Sabtu 04 Mar 2023 12:09 WIB

Pakar Hukum UII Minta KPU tak Ikuti Putusan PN Jakpus Soal Tunda Pemilu

Putusan PN Jakpus hakikatnya merupakan sebuah cacat logika dan keliru.

Rep: Wahyu Suryana/ Red: Erik Purnama Putra
Petugas keamanan menutup pagar gedung Pengadilan Negeri Jakarta Pusat di Kemayoran, Jakarta, Rabu (7/10/2020).
Foto: Dhemas Reviyanto/ANTARA
Petugas keamanan menutup pagar gedung Pengadilan Negeri Jakarta Pusat di Kemayoran, Jakarta, Rabu (7/10/2020).

REPUBLIKA.CO.ID, JAKARTA -- Pengadilan Negeri Jakarta Pusat (PN Jakpus) pada Kamis (2/3/2023) membacakan Putusan 757/Pdt.G/2022/PN. Jkt Pst terkait perkara gugatan dari Partai Rakyat Adil Makmur (Prima). Prima menggugat Komisi Pemilihan Umum (KPU) yang melakukan perbuatan melawan hukum, karena tidak meloloskannya sebagai peserta Pemilu 2024.

PN Jakpus menghukum KPU tidak melaksanakan sisa tahapan pemilu selama dua tahun empat bulan dan mengulang tahapan dari awal atau pemilu diundur menjadi Juli 2025. Peneliti PSHK Fakultas Hukum Universitas Islam Indonesia (FH UII), Yuniar Riza Hakiki menilai, putusan hakim itu cacat logika dan keliru.

"Putusan PN Jakpus hakikatnya merupakan sebuah cacat logika dan keliru dalam praktik penyelenggaraan hukum Indonesia," kata Yuniar saat dikonfirmasi Republika.co.id, Sabtu (4/3/2023).

Dia menuturkan, substansi perkara itu pada hakikatnya bukan merupakan gugatan perbuatan melawan hukum bidang keperdataan. Melainkan, perkara gugatan sengketa kepemiluan atas keputusan tata usaha negara yang telah dikeluarkan oleh KPU.

Sehingga, secara kompetensi absolut, PN Jakpus seharusnya tidak ada wewenang mengadili substansi perkara terkait sengketa pemilu. Pasalnya, tahapan pemilu tidak hanya menyangkut kepentingan hukum pihak berperkara dalam sengketa keperdataan.

Maka dari itu, sambung dia, walau putusan PN Jakpus pada aspek tertentu dirasa memulihkan kerugian Partai Prima, tapi menghukum KPU menunda tahapan pemilu merugikan kepentingan hukum lebih luas, seperti parpol yang sudah ditetapkan peserta pemilu.

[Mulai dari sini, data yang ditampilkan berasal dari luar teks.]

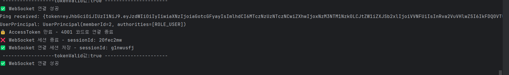 클라이언트가 AccessToken이 담긴 메세지를 ping으로 보내면 해당 토큰을 검증하고 만약 검증에 실패한다면 그 원인이 토큰의 만료기간에 의한것이라면 클라이언트 웹소켓 세션으로 4001 상태코드를 보내 웹소켓 세션을 닫는다.
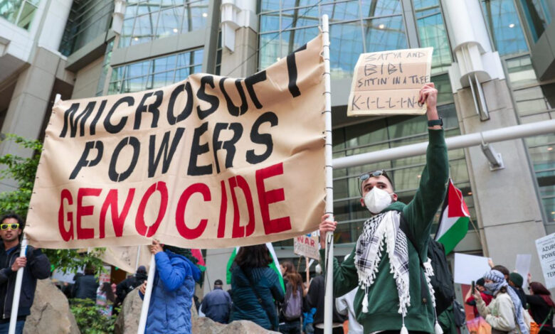 ABD merkezli teknoloji devi Microsoft’un çalışanları ve aktivistler, İsrail’e verilen dayanağa karşı çıktı.
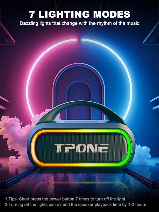 - 【Advanced Bluetooth & Powerful Battery】Equipped with the latest Bluetooth 5.3 chip, it ensures fast pairing and stable connection, and automatically reconnects to the last used device. Each charge can experience up to 12 hours of game time, let us enjoy the music day and night, The multicolor lights on the speaker can also be turned off with a simple button press to save the battery and adapt to your needs. Keep in mind that the actual play time may vary depending on the volume, audio content, and usage.
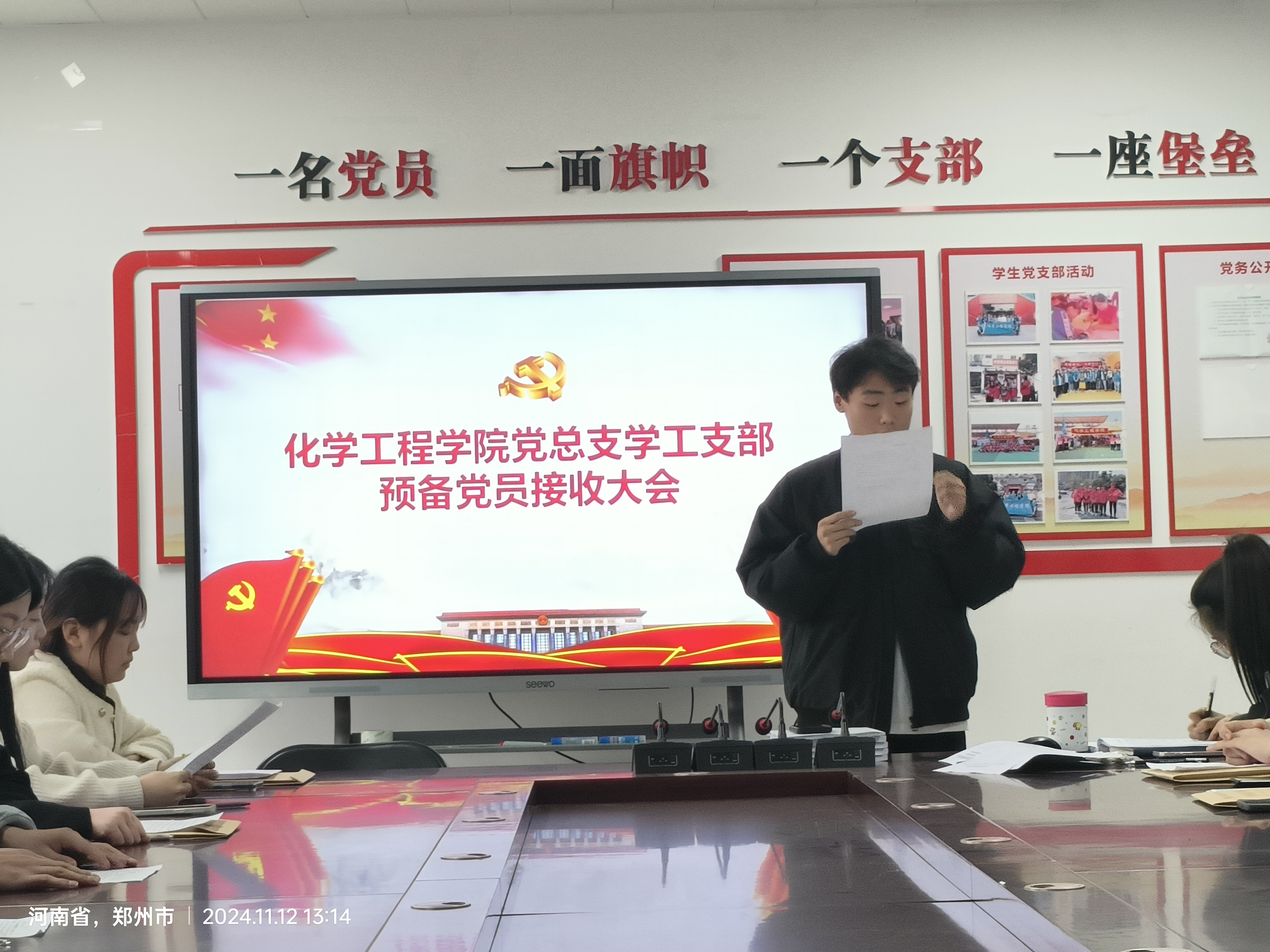 为进一步加强和推进党员队伍建设,切实提高党员发展质量,保持党员队伍先进性和纯洁性。2024年11月12日,化学工程公司党总支学工支部于A512党员活动室召开预备党员接收大会,学工支部全体党员参会,会议由学工支部组织委员何璐红主持。

"Serta, rakyat selaku pemilih akan kehilangan hak pilih pada pemilu yang seharusnya diselenggarakan setiap lima tahun," ujar Yuniar.

Dia menyinggung tidak ada sama sekali mekanisme penundaan pemilu di konstitusi dan UU Pemilu. Di UU Pemilu yang ada hanya penundaan pemungutan suara dan hanya bisa diberlakukan KPU untuk daerah tertentu yang bermasalah sebagai alasan spesifik.

Artinya, lanjut Yuniar, bukan seluruh Indonesia atau secara nasional. Sehingga, pelaksanaan pemilu setiap lima tahun harus tetap dilaksanakan sesuai yang telah ditetapkan pada 2024. Hal ini sejalan dengan Pasal 22E ayat (1) UUD NRI 1945.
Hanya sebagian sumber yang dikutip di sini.